MrFSS, the orange car is from milan, italy. we rode it. beautiful polished wood interior with all signs still in italian. when you request a stop, a lighted sign flashes "fermata"(stop in italian, i think)


----------



## MrFSS (Jan 28, 2007)

yarrow said:


> MrFSS, the orange car is from milan, italy. we rode it. beautiful polished wood interior with all signs still in italian. when you request a stop, a lighted sign flashes "fermata"(stop in italian, i think)

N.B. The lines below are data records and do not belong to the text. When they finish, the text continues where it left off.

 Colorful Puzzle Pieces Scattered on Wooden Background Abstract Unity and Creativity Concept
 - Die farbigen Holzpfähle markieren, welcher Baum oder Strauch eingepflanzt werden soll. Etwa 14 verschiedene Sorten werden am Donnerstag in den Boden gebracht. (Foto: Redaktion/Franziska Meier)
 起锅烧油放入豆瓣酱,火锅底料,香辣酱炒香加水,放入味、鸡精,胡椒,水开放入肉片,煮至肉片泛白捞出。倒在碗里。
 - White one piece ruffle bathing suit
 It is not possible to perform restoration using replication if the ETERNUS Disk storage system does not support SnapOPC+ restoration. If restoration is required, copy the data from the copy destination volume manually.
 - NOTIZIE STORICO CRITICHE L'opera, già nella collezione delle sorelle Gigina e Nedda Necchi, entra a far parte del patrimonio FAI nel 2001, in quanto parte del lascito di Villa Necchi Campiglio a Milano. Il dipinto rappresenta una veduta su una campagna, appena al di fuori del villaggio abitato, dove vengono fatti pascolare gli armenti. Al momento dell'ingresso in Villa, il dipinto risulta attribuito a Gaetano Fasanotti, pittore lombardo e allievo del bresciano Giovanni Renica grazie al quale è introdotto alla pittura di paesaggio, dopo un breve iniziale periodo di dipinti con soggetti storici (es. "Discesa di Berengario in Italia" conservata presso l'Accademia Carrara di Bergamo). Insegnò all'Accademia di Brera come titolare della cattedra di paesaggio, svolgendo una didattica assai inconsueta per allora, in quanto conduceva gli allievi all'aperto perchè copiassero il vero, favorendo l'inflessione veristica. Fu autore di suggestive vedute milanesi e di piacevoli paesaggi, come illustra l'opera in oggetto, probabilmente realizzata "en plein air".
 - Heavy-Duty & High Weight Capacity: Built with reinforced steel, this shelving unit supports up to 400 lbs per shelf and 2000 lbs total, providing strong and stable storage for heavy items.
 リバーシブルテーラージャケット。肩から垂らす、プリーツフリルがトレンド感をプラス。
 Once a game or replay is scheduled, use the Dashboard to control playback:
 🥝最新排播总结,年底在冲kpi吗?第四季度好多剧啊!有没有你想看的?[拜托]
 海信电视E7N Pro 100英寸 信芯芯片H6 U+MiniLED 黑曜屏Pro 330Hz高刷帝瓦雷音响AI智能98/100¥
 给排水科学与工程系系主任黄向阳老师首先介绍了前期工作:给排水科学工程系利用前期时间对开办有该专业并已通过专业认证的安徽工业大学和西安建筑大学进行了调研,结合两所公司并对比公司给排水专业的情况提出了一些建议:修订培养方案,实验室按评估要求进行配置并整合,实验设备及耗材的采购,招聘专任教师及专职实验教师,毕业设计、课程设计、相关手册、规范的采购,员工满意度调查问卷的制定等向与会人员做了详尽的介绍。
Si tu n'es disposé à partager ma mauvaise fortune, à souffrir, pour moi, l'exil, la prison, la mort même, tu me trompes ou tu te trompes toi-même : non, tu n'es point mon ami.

From fermare ‘to stop’. You are correct. Also, in music, it means to Hold.
They do really have a bunch of nice cars there.


----------



## sechs (Jan 29, 2007)

"A bunch" is really "not nearly enough."

For obvious reasons, these cars take a little longer to get; and, while there are a number in the pipe, this line is so popular that Muni often runs buses along the route to supplement the street cars.


----------



## Guest (Jan 29, 2007)

I hope you had a good time in San Francisco. I know all about SF MUNI. They run light rail cars underground following the BART line.


----------